Re: Mac-on-Linux and VM internals
Re: Mac-on-Linux and VM internals
On Tue, Mar 09, 2004 at 12:40:57PM -0500, Jim Magee wrote:
>
> Well, that is not quite true. MOL does take full control of the MMU but
>
> in a completely OS independent manner(*). New versions of
>
> OSX won't break this code. In fact, the same code is used both under
>
> Linux and OSX (so the code is truly kernel independent).
>
>
I'm sorry, but not to be picky, exactly how does your KEXT take control
>
of the exception vectors (after the system is running one OS) in a way
>
that is "totally independent" of the OS?
MOL relocates the very first instruction of each exception vector
(the instruction 0x200, 0x300 and so on) and inserts a branch to
the new exception vector.
>
What if one of the other CPUs
>
is accessing the exception vectors you are changing at the time?

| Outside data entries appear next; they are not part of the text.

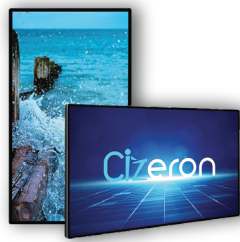
Wall Mount Signage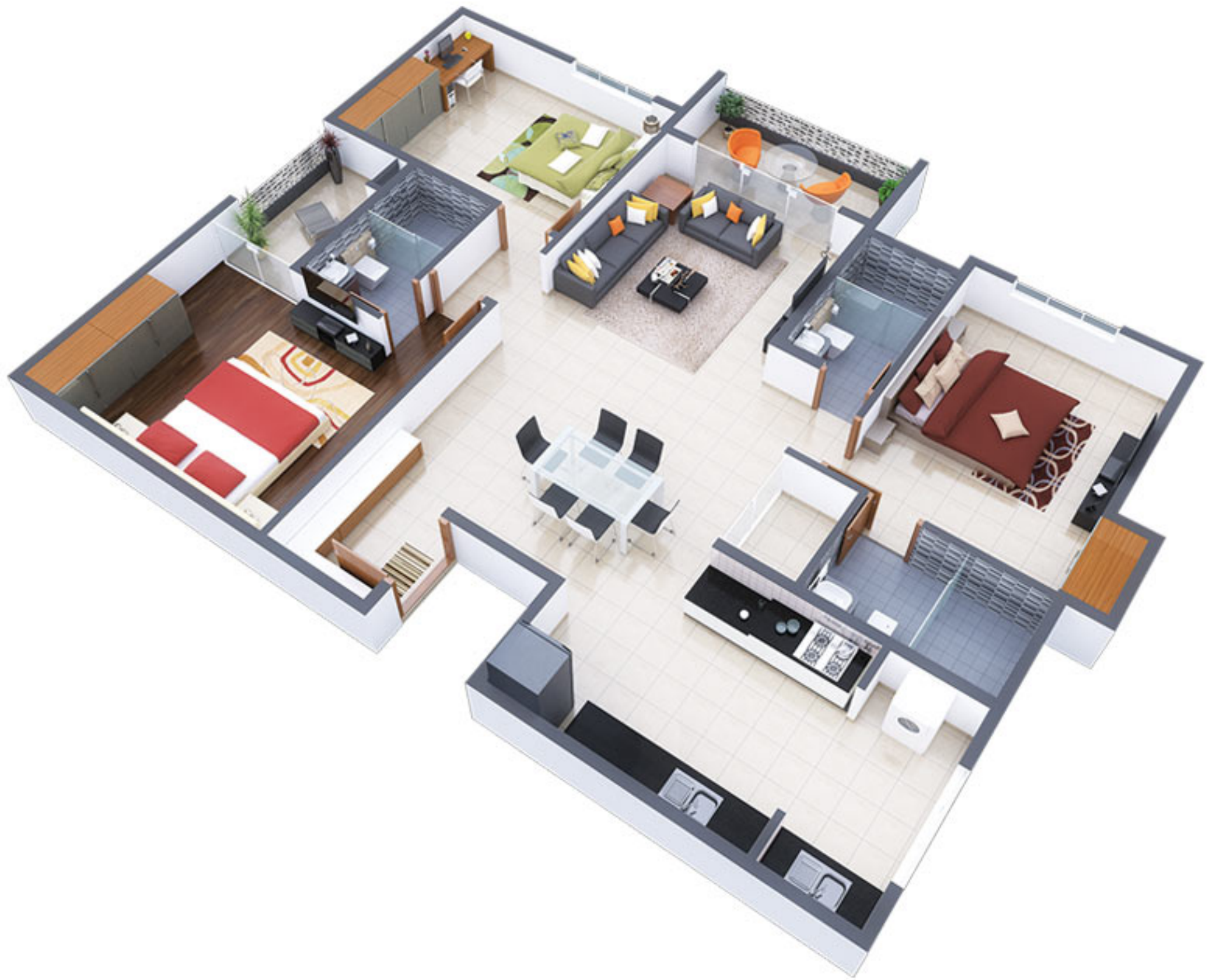
FLAT-4 ISOMETRIC VIEW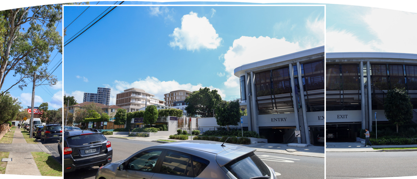
Panorama with nested image in white frame for additional context closer to natural field of view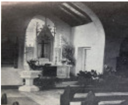
14 May 1911, Chancel at Pella Church, also showing the baptismal font and pews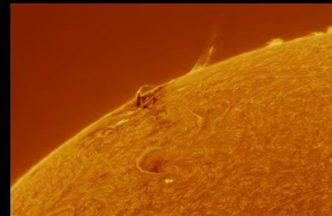
A solar outburst as seen by an Earthbound amateur solar telescope (Lunt 60mm) in the H-alpha band.

surface cools down to about 4000 Kelvin and sunspots form. These are darker spots because of their reduced radiation output. High points in the Sun's 11-year cycle coincide with high sunspot activity.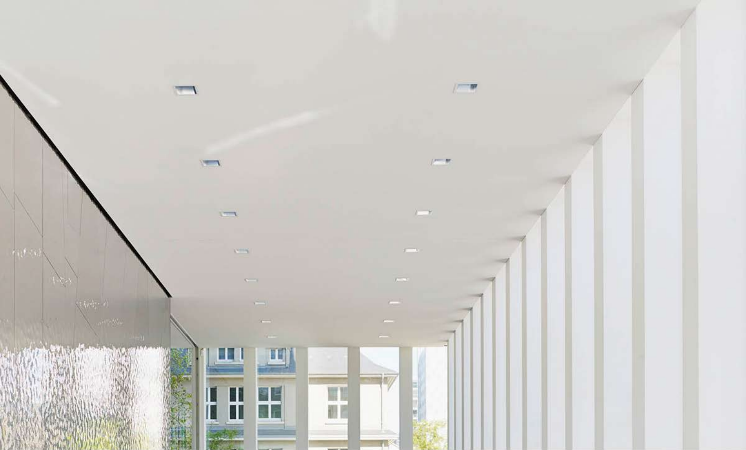
2012 · Luxembourg · Belval, Water Management Administration · Bruck + Weckerle · Entrance Hall, Wall Cladding EXYD-M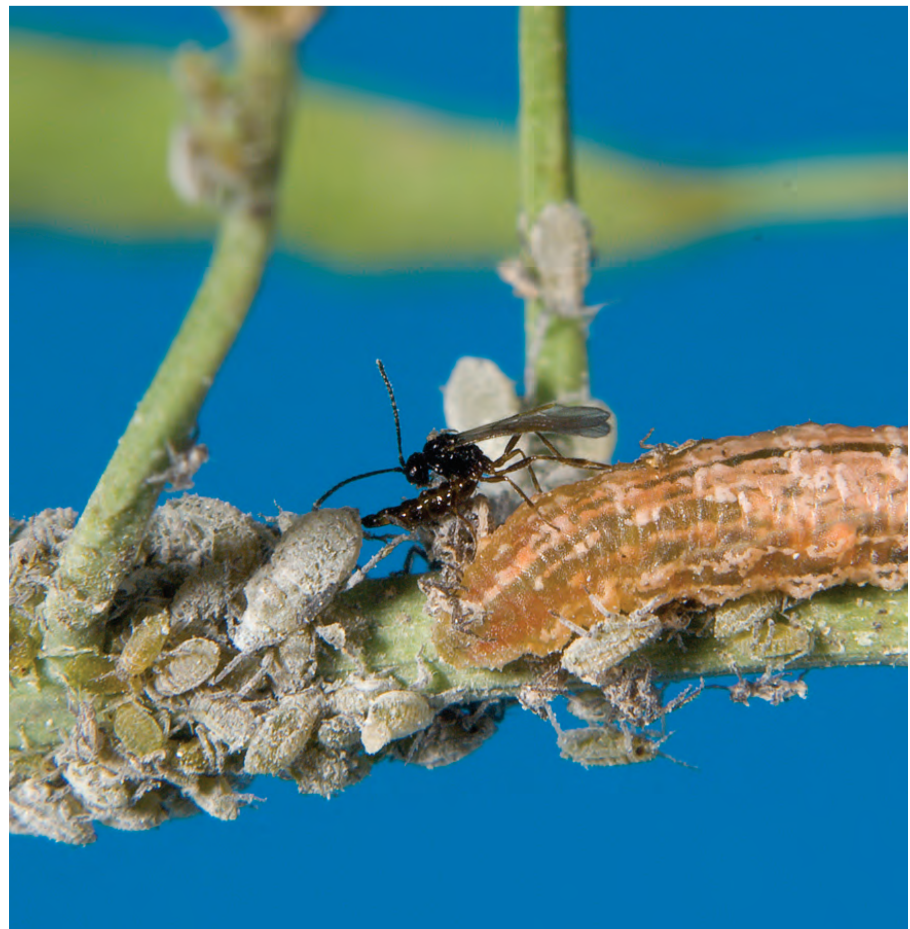
Female Aphidius standing on a hoverfly larva injecting an egg into an aphid.

This poster reports on a project initiated by a group of enthusiastic arable farmers who wanted to see a robust comparison between conventional pest and disease management and an IPM approach.

That is safe. The other CPU will either run the old code or
take the branch to the new code (which essentially just branches back
to old code). Removing the hook is equally safe. After the branch has been
overwritten with the old instruction, no CPU can be in the MOL hook
once a few CPU cycles has elapsed.
>
What happens when we load two different MOL-like products' KEXTs at the
>
same time? Won't they get in each other's way?
Well, they would have to patch and depatch in the same order, opposite
order which would admittedly be a problem if one didn't coordinate things.
>
What if we decide, later on, to change the exception handlers we
>
have installed (maybe to more optimized versions for the platform)?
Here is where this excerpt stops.